Era como si las palabras se le hubieran escapado de los labios sin querer, y me di cuenta porque hizo un gesto con la mano como si quisiera borrarlas. St. John, que tenía la mala costumbre de leer durante las comidas, cerró el libro que estaba mirando y levantó los ojos.
—Rosamond Oliver —dijo— está a punto de casarse con el señor Granby, uno de los más ilustres y mejor relacionados habitantes de la ciudad de S. Es nieto y heredero directo de sir Frederic Granby. Me lo notificó ayer el señor Oliver.
Sus hermanas intercambiaron una mirada de la que también a mí me hicieron partícipe. Luego las tres le miramos a él. Estaba impasible, como si fuera de cristal.
—Pues será un asunto que haya ido a toda prisa —dijo Diana—. No creo que se conozcan desde hace mucho.
—Dos meses. Se conocieron en octubre, en un baile celebrado en S. Pero cuando un compromiso no encuentra impedimentos, como en este caso, y se trata de una unión apetecible desde todos los puntos de vista, no tiene sentido aplazar la boda. Se casarán en cuanto tengan arreglada la casa de la plaza S. que les regala sir Frederic.
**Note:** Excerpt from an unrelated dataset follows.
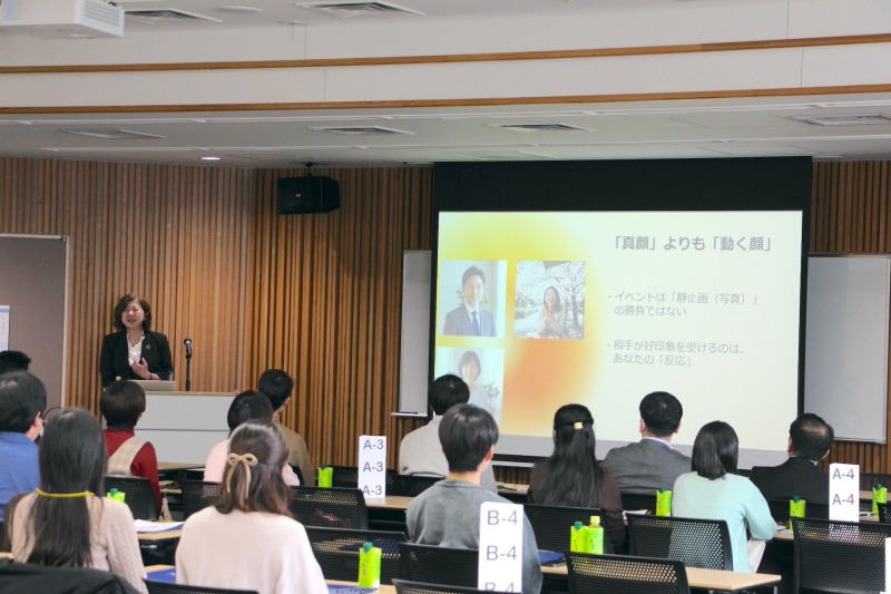 イベントは、参加者の緊張をほぐすためのミニセミナーからスタート。講師から「第一印象を55%で終わらせない技術」が伝授された。
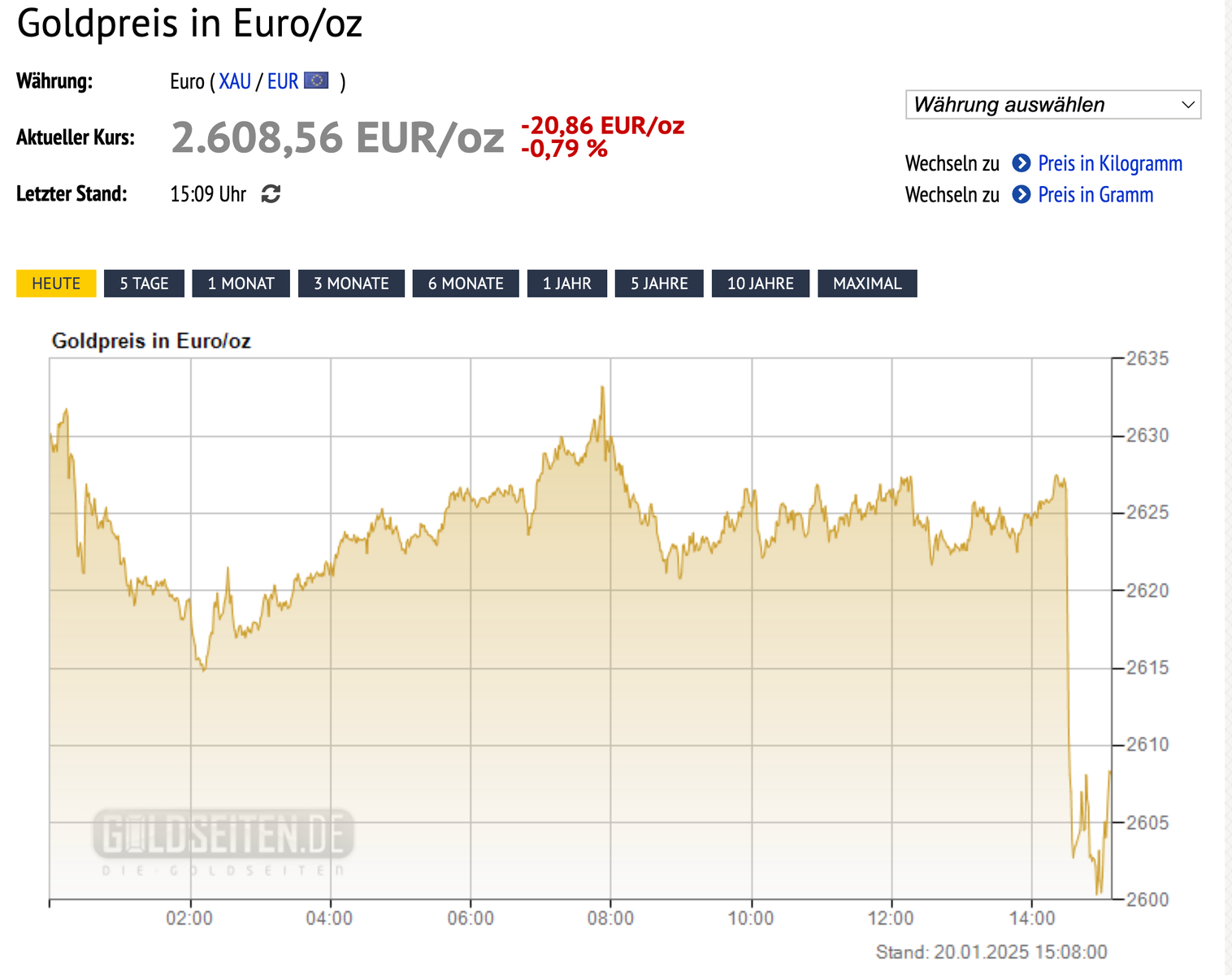 Gold wird heute in Dollar abverkauft und zusätzlich steigt der Euro deutlich. Loose-Loose Situation.

La primera vez que me encontré a solas con St. John después de aquella noticia, sentí la tentación de preguntarle si le había afligido recibirla, pero lo veía tan poco necesitado de compasión que, en vez de atreverme a brindársela, lo que sentí fue vergüenza al recordar mi atrevimiento de otras veces. Además, había ido perdiendo la costumbre de dirigirme a él, porque la escarcha de su reserva había vuelto a hacer acto de presencia y mi franqueza se congelaba a su contacto. No había mantenido la promesa que me hizo de tratarme como a una hermana más. Las constantes diferencias que, por el contrario, hacía entre nosotras me descorazonaban, por nimias que fuesen, y no ayudaban en absoluto a fomentar los intentos de cordialidad. Total, que ahora que vivíamos bajo el mismo techo, conscientes de nuestro parentesco, yo lo notaba a mucha más distancia de mí que cuando me trataba como a una maestra de escuela. Al rememorar la confianza a que en ese tiempo me dio pie, se me hacía duro admitir la frialdad de ahora.
Por eso me sorprendió, y no poco, que de repente levantara la cabeza del escritorio e interrumpiera su trabajo para dirigirme la siguiente frase:
—Ya ve usted, Jane, la batalla se libró y he salido victorioso.
No contesté enseguida, sumida como estaba en el asombro causado por aquella súbita interpelación. Pero, tras unos instantes de duda, reaccioné y dije:
—Me pregunto, sin embargo, si no se hallará en la misma situación de algunos conquistadores que han tenido que pagar demasiado caro su triunfo. ¿Cree que estaría en condiciones de soportar otro semejante?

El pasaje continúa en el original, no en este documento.